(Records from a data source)
■ ■ ■ ■ ■
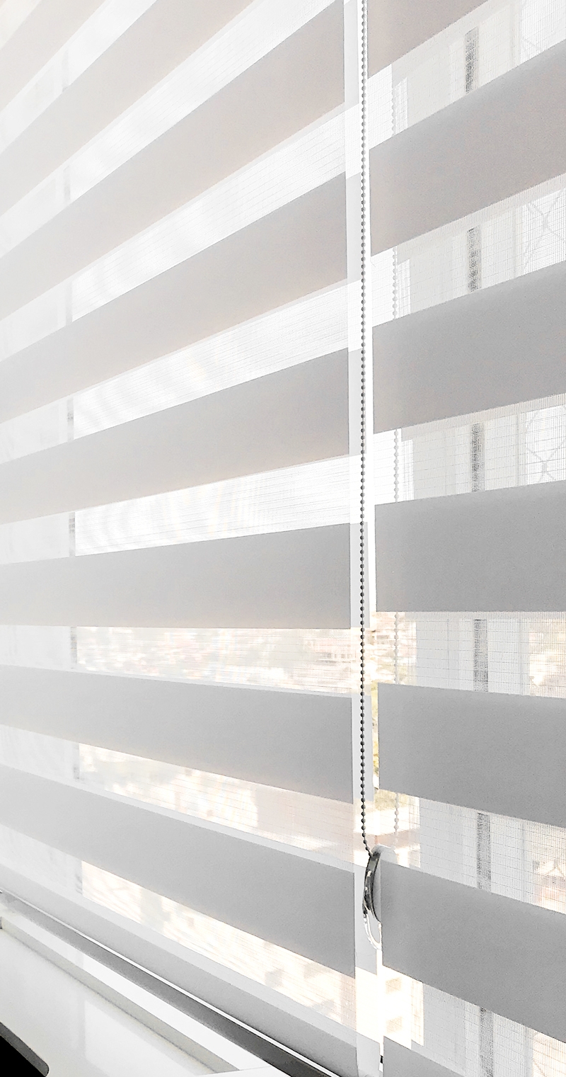 As coleções de tecidos translucidos ou semi blackouts intercalados com faixas transparentes  permitem que você escolha a maneira ideal de deixar a luz entrar, podendo escurecer levemente o ambiente, ou deixar mais claro e manter a privacidade.
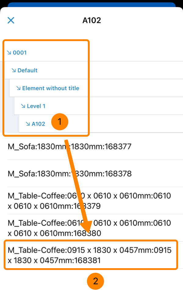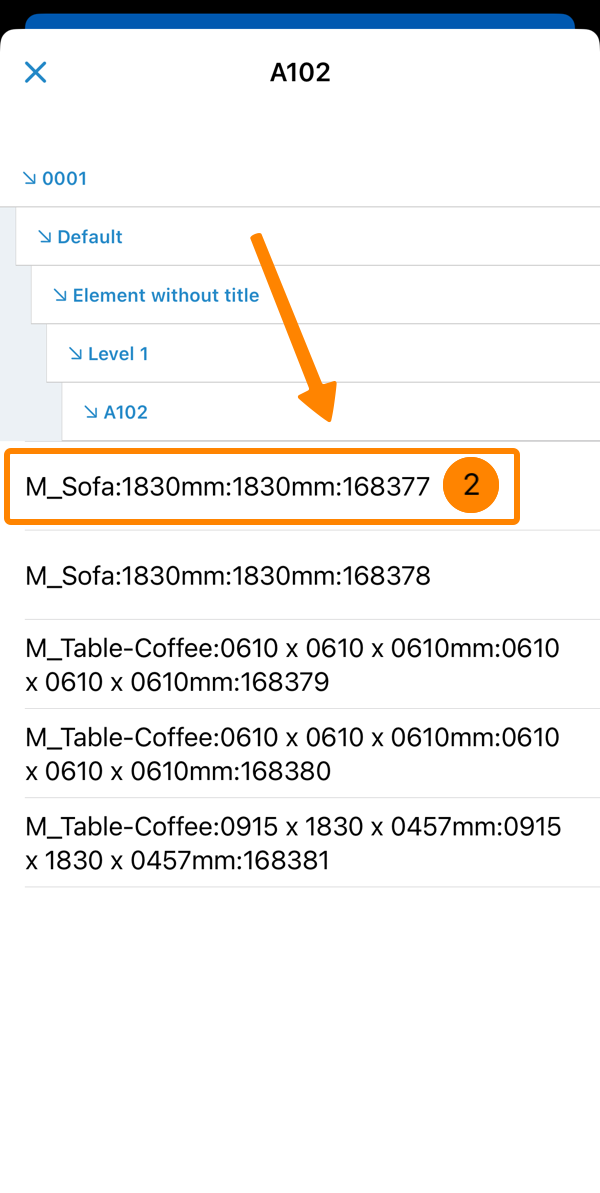 - Tippen Sie auf ein Objekt, z.B. M_Sofa
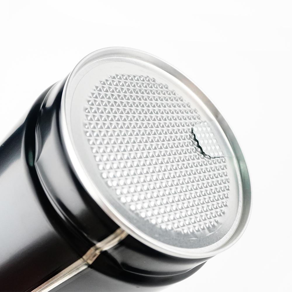 Couleur : noir avec couvercle doré et bord noir.
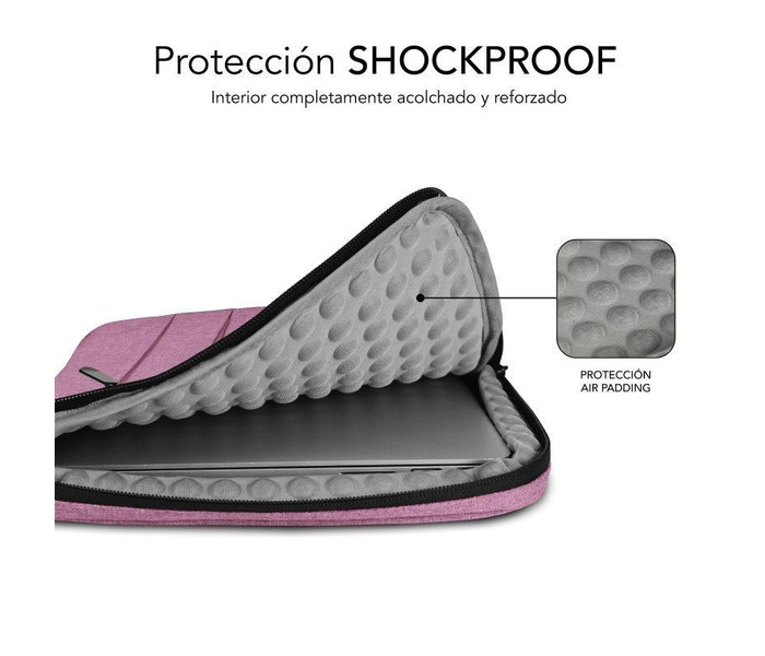 La tecnología Air Padding de SUBBLIM proporciona una protección excepcional al crear una capa de burbujas acolchadas que absorben impactos y protegen tu dispositivo de forma efectiva cubriendo incluso los bordes, los extremos y los laterales de tu ordenador.Múltiples Bolsillos
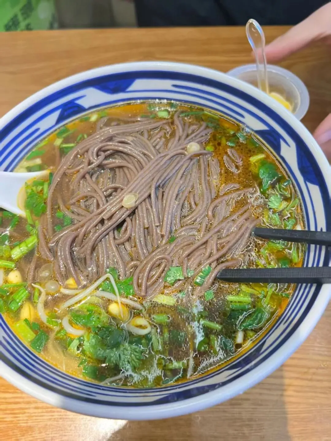 吃饭也有讲究,牛肉丸子面让老板“少汤多菜”,配两瓣生蒜。
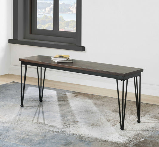 Walnut Black Metal Wood Bench By Homeroots Walnut Black Metal Wood Bench By Homeroots
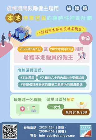 【特訊】為增加就業崗位,促進及穩定本地待業居民就業,勞工事務局於今年6月1日至8月31日期間推出《疫情期間鼓勵僱主聘用本地待業居民的臨時性補助計劃》,僱主每增聘一名本地待業居民,可獲一次性發放一萬九千九百六十八澳門元的補助款項,補助名額不設上限。
■ ■ ■ ■ ■
What the task asks -> Please return the records as they stand, word for word, with no pictures.

Written response ->
 As coleções de tecidos translucidos ou semi blackouts intercalados com faixas transparentes  permitem que você escolha a maneira ideal de deixar a luz entrar, podendo escurecer levemente o ambiente, ou deixar mais claro e manter a privacidade.
 - Tippen Sie auf ein Objekt, z.B. M_Sofa
 Couleur : noir avec couvercle doré et bord noir.
 La tecnología Air Padding de SUBBLIM proporciona una protección excepcional al crear una capa de burbujas acolchadas que absorben impactos y protegen tu dispositivo de forma efectiva cubriendo incluso los bordes, los extremos y los laterales de tu ordenador.Múltiples Bolsillos
 吃饭也有讲究,牛肉丸子面让老板“少汤多菜”,配两瓣生蒜。
 Walnut Black Metal Wood Bench By Homeroots Walnut Black Metal Wood Bench By Homeroots
 【特訊】為增加就業崗位,促進及穩定本地待業居民就業,勞工事務局於今年6月1日至8月31日期間推出《疫情期間鼓勵僱主聘用本地待業居民的臨時性補助計劃》,僱主每增聘一名本地待業居民,可獲一次性發放一萬九千九百六十八澳門元的補助款項,補助名額不設上限。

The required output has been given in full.